Сперва от Твери мы шли на мелких пароходах с пересадкой. Когда пришли в Нижний, то тут плыли на больших пассажирских. В Казани был следующий случай. Было воскресенье, вышел я на этюд рано... Вижу я, что с соседней барки сходят красная рубаха с гармоникой и писарь в форменной одежде. Ко мне они подходят, стоя сзади, начинают вести следующий разговор: «Это он что делает?» Подумав, писарь отвечает: «На плант снимает» — «Да разве за это деньги платят?» - «Видно, что так». И наконец: «Послушай-ка, господин, это ты что такое делаешь? На плант снимаешь?» - «Да,—говорю,— рисую, чтоб потом картину сделать».—«Картинищу,—потом живо,— а что твоя работа стоит теперича?» — «Это сказать трудно, на любителя дадут, пожалуй, рублей 75—100, а за картину 2 и 3 тысяча» — «100 рублей за такое!.. Да что он, ... нечто вас за дураков считает!..» Ну и дотекли, подыгрывая камаринскую. Нет, подумал я, эти еще до понимания искусства не дожили хотя другое, т. e. музыка, им не чуждо, но ведь она живет в народе, а когда будут везде музеи, то и в нас уверуют!

Прибыли мы в Саратов. Это мой родной город, тут в Кузнецком уезде родина моего деда А.Н. Радищева.

... Поехал я осматривать старый барский радищевский дом. Около него стоит каменная церковь екатерининской архитектуры. ...Когда-то ход был туда через галерею из барского дома, а на хорах до сих пор еще видна раззолоченная барская ложа. Тут-то и родился А.Н. Радищев, и тут проживала его семья. Рассказывали мне мать и дядя, что вот такая легенда была в нашей семье.

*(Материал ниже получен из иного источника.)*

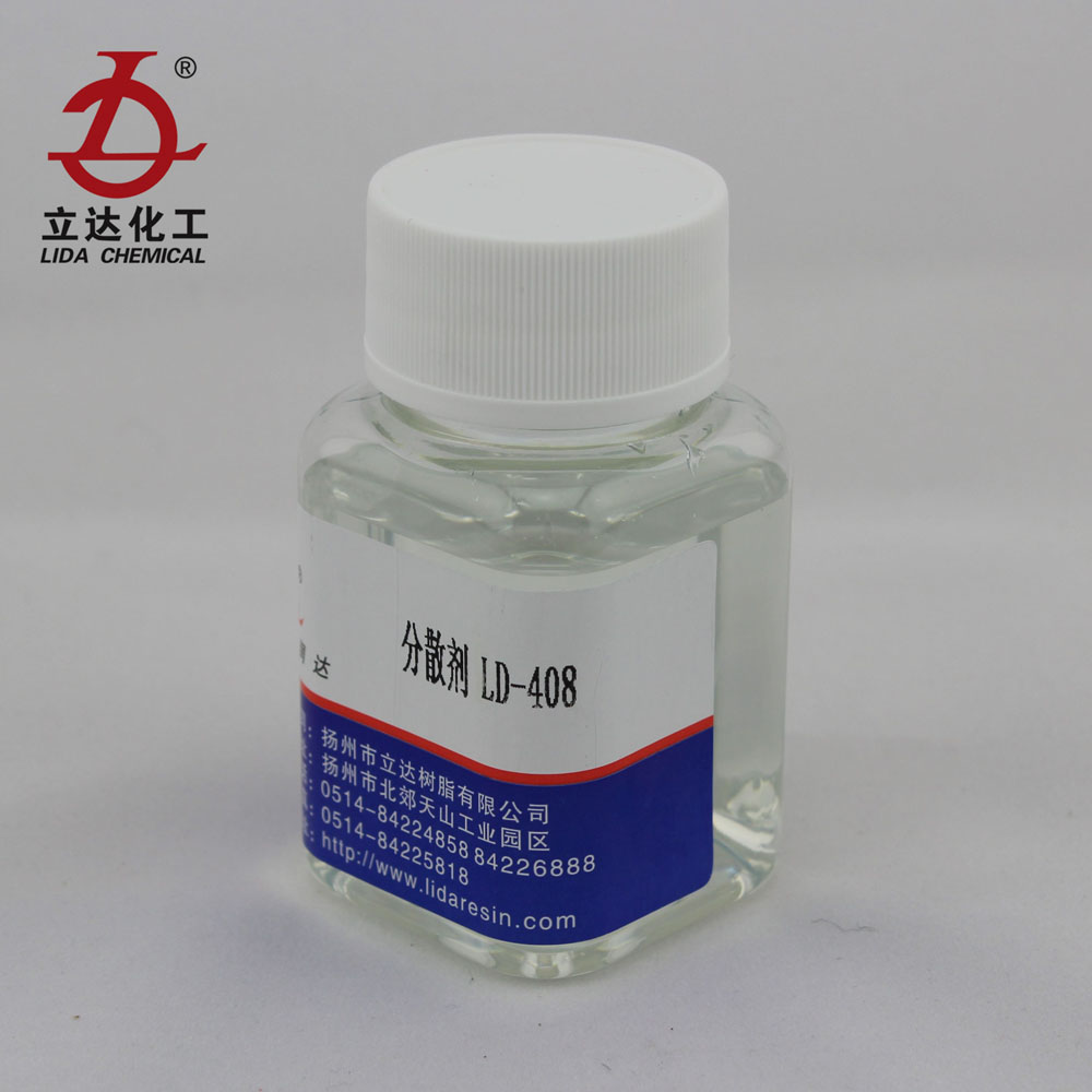具有梳型分子结构的水性超分散剂LD-408和408A是由聚丙烯酸为主的主链与高度优化的特殊聚合侧链组成,它既能强烈吸附在各种无机颜填料表面产生静电排斥力,又能在颗粒表面形成有效的空间障碍层,使颜填料在水性介质中具有卓越分散性及长久稳定性。408A它耐高温及一般酸碱水解条件,并与各种水性树脂及树脂乳胶相容,成膜后对涂层基体树脂性能影响小。LD-408适用于各种无机颜料、特别是碳酸钙及钛白粉分散,效果十分明显。而LD-408A适用于炭黑及透明氧化铁、纳米钛白、纳米碳酸钙,纳米氧化锌等无机纳米颜料及功能性填料的水相分散,是制备高浓度高分散高稳定及高相容色浆及水性涂料的理想选择。

Александр Николаевич, осужденный на смерть и помилованный, был сослан за свое сочинение «Путешествие из Петербурга в Москву» в Сибирь, в Илим. Он поседел в одну ночь, да и пытки Шешковского помогли этому. В Сибирь был отправлен по этапу. Было уже к вечеру, мать и дети первой жены его (а моя мать Фекла, сестра ее Анна и дядя Афанасий родились в Сибири от второй) сели ужинать, старый лакей вносит блюдо, вдруг его роняет и кричит: «Ах, барин наш». Все вскочили и, точно, признали барина в серой солдатской шинели, с седою совсем головою, накрест на груди по поясу опоясанного красным шарфом, вязанным женою. Видение исчезло. Бабушка тотчас же собралась к старшему сыну Николаю и сказала ему: «Поезжай сейчас в Казань, там ты встретишь отца». И точно, сын и отец встретились.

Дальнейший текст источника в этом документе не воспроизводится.